Hadoop’s distributed nature powers its ability to perform fast querying over large-scale data sets. Hadoop’s core querying technology, MapReduce, allows a user to define instructions for operations upon data. Once Hadoop has the instructions, it coordinates the execution of instructions across its many data nodes. Because of the distributed nature of the data within the Hadoop architecture, this means in practice that Hadoop queries are run across many nodes simultaneously. This “divide and conquer” approach allows for fast querying over enormous datasets. A search or calculation that might take a very long time on one computing node can be reduced to a fraction of the time when distributed over many nodes.
Hadoop contains some querying facilities, but Spark is focused almost exclusively on performing intensive queries on large data sets. It allows you to connect to large data sets anywhere, and perform parallel operations on those datasets. It supports a number of statistical and querying languages such as Python, Java, R, and SQL.
Elastic Tools (ELK stack) for Data Lakes
Elastic is optimized to work around JSON documents and allows for fast and easy management of documents within the document store. Fast document search is the primary reason why Elastic is deployed as part of a data lake. Like Hadoop, Elastic can be configured to spread its data over many computing/storage nodes, but it presents a unified interface and API where data can easily be added, removed, updated, and searched, all using intuitive JSON language.
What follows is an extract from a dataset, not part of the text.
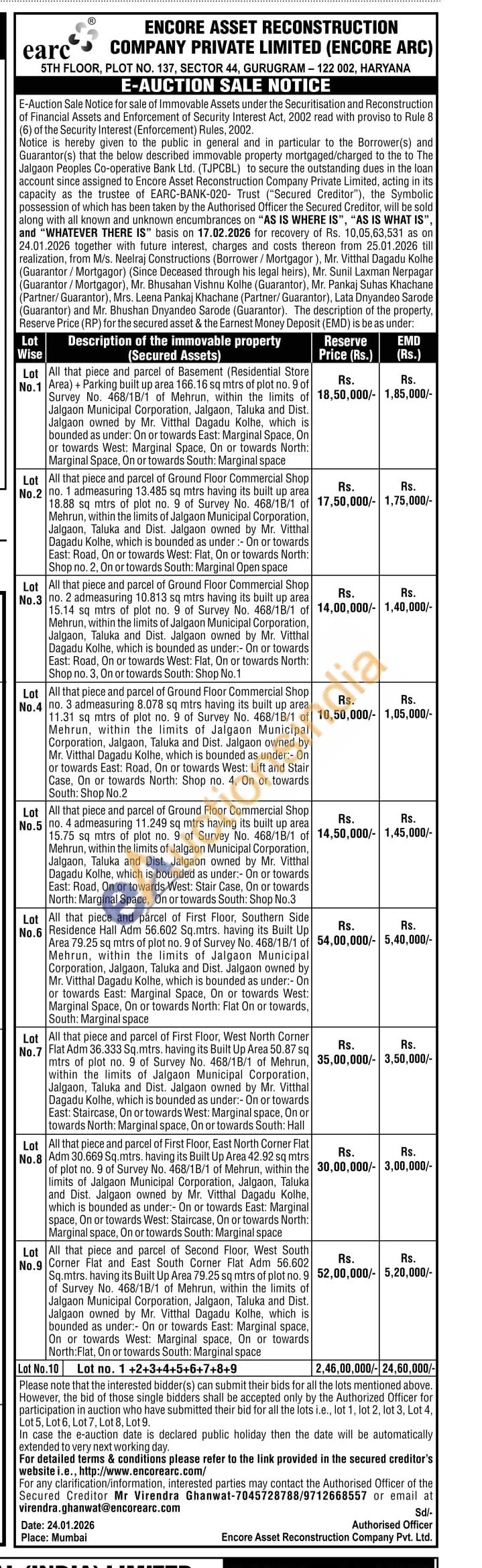 All that piece and parcel of First Floor, East North Corner Flat Adm 30.669 Sq.mtrs. having its Built Up Area 42.92 sq mtrs of plot no. 9 of Survey No. 468/18/1 of Mehrun, within the limits of Jalgaon Municipal Corporation, Jalgaon, Taluka and Dist. Jalgaon owned by Mr. Vitthal Dagadu Kolhe, which is bounded as under: On or towards East: Marginal space, On or towards West: Staircase, On or towards North: Marginal space, On or towards South: Marginal space
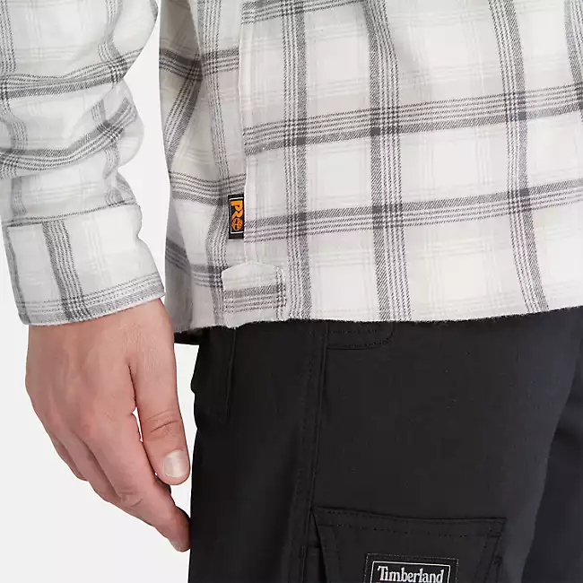 The classic flannel shirt updated with details that add performance, comfort, and durability. Our long-sleeve Woodfort shirt is crafted from a lightweight, comfort-touch flannel fabric with our Timberland PRO® FLEX technology maximum mobility features so you can bend, reach, and stretch without restriction, plus reinforcements in key areas for durability. Its button-down collar and easy-grip buttons are made for work and casual time. The original fit gives you room to move throughout the shoulders, chest, waist, and sleeves.

Elastic offers Beats and Logstash as easy ways to move data into the Elastic Search engine. These tools function as easy to configure services and monitors. These monitors run on your servers, take high frequency data such as server logs and network traffic, and send them to Elasticsearch.
Kibana is the data visualization arm of the elastic family. It allows for a user of Elastic to create dashboards based on queries run against the backend Elasticsearch store. Kibana is used frequently in server monitoring and tracking web hits for various properties, but it can be configured to provide dashboards of all sorts of data.
TensorFlow and PyTorch for data lakes
TensorFlow and PyTorch are machine learning frameworks that allow data scientists to build machine learning models with ease.